- **Activity**: In the entries below, begin at the line with "The generously sized" and stop after the line with "Derka Annber wyróżnia"; output those lines exactly and omit the pictures.

- **Exercise data**:
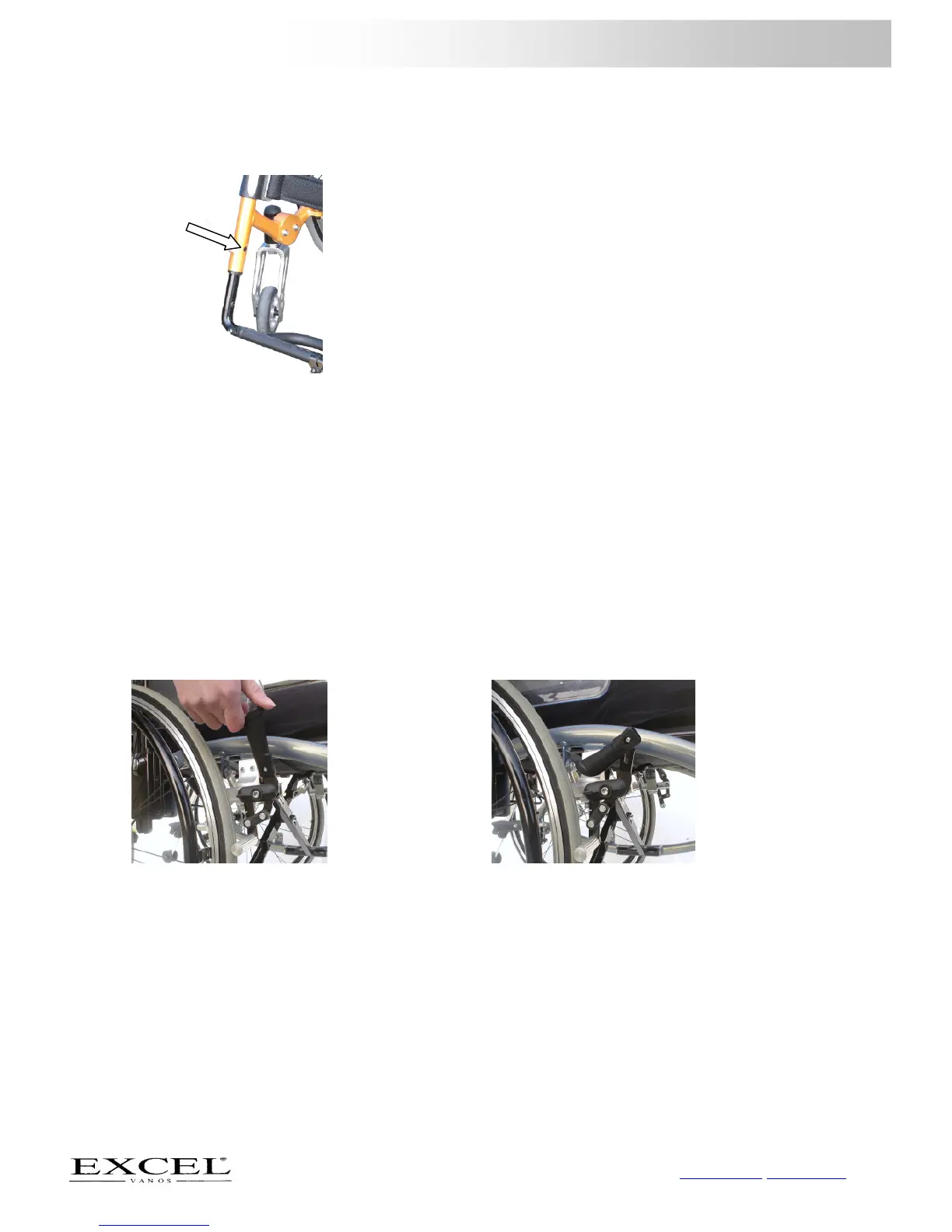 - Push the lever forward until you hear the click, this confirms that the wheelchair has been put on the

* * *

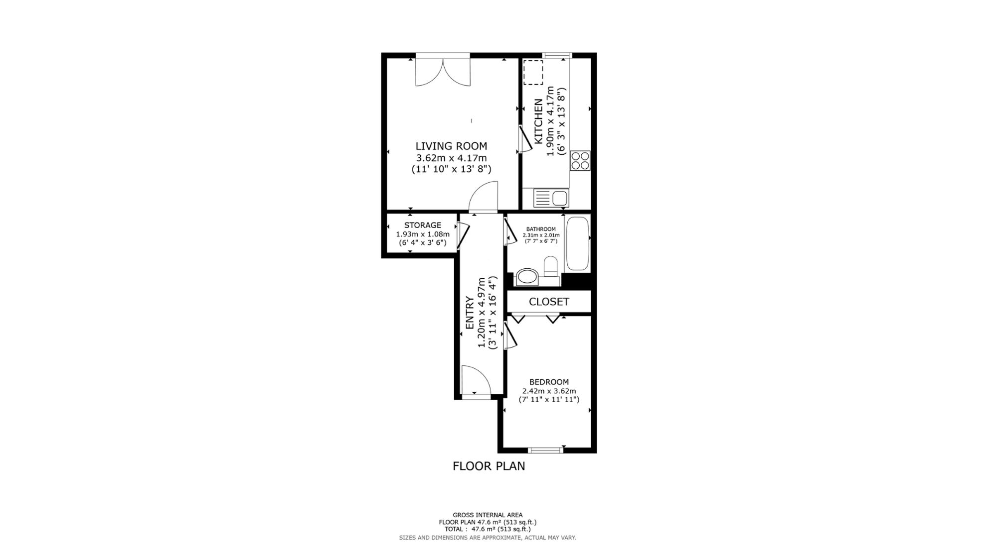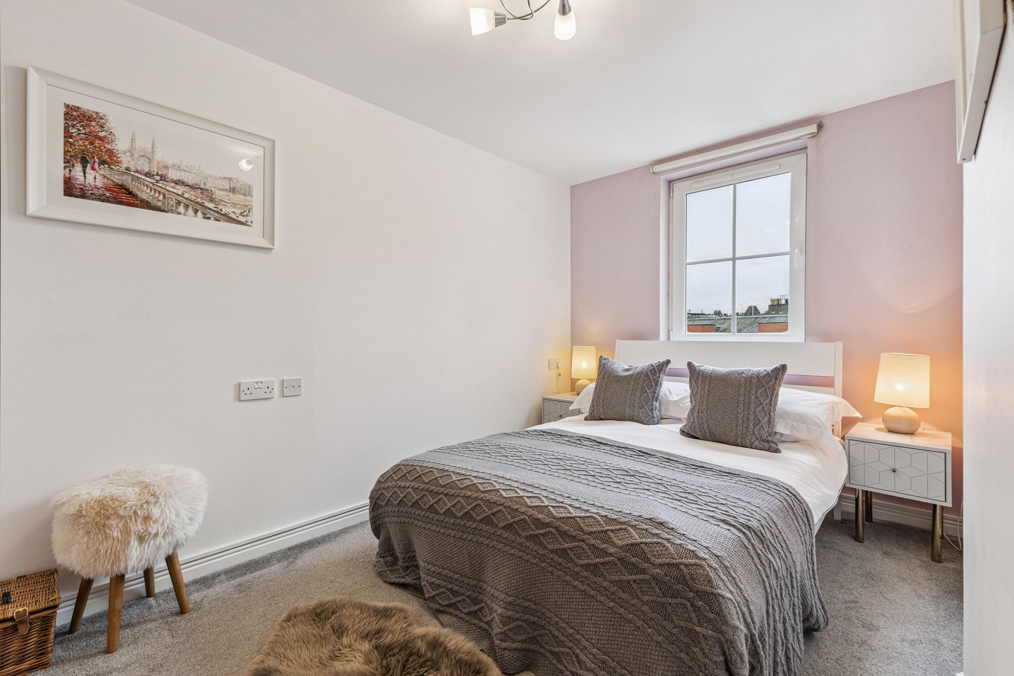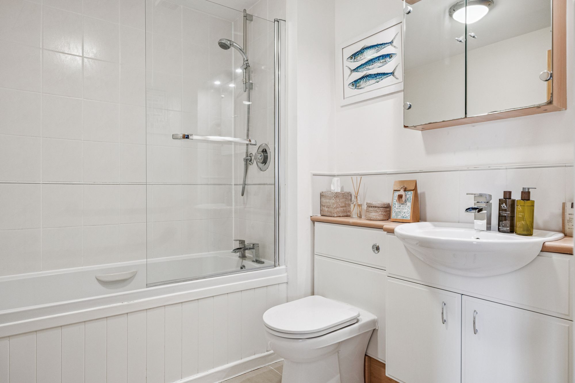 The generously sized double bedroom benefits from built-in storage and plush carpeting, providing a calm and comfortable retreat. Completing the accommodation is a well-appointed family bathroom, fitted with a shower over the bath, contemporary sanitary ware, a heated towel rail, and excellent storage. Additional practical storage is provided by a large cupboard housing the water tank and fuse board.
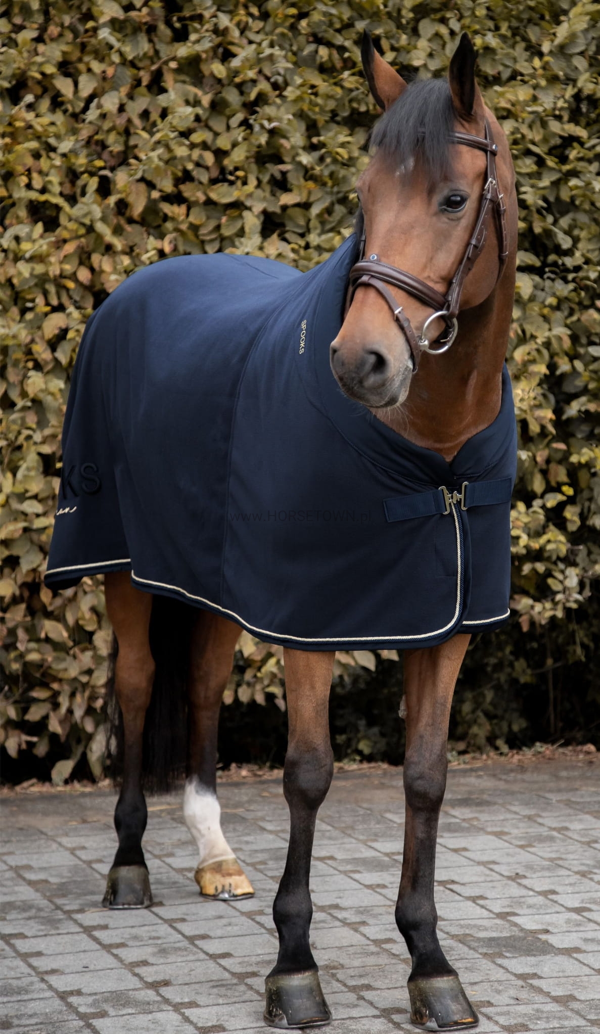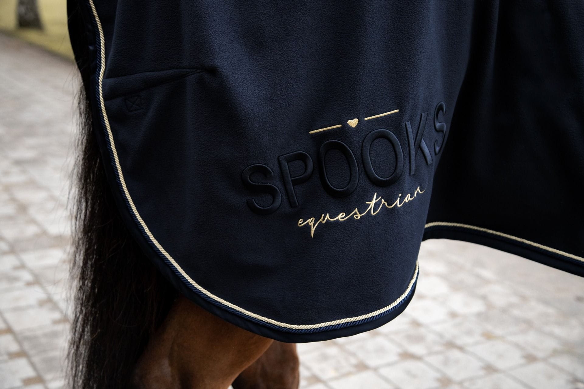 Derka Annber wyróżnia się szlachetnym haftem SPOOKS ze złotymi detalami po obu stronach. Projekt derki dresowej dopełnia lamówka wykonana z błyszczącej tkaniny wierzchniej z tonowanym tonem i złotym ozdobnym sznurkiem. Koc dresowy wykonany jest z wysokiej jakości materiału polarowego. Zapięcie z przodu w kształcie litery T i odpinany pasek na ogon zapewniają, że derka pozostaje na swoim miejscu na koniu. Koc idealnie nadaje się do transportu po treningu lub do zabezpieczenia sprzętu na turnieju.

- **Task result**:
 The generously sized double bedroom benefits from built-in storage and plush carpeting, providing a calm and comfortable retreat. Completing the accommodation is a well-appointed family bathroom, fitted with a shower over the bath, contemporary sanitary ware, a heated towel rail, and excellent storage. Additional practical storage is provided by a large cupboard housing the water tank and fuse board.
 Derka Annber wyróżnia się szlachetnym haftem SPOOKS ze złotymi detalami po obu stronach. Projekt derki dresowej dopełnia lamówka wykonana z błyszczącej tkaniny wierzchniej z tonowanym tonem i złotym ozdobnym sznurkiem. Koc dresowy wykonany jest z wysokiej jakości materiału polarowego. Zapięcie z przodu w kształcie litery T i odpinany pasek na ogon zapewniają, że derka pozostaje na swoim miejscu na koniu. Koc idealnie nadaje się do transportu po treningu lub do zabezpieczenia sprzętu na turnieju.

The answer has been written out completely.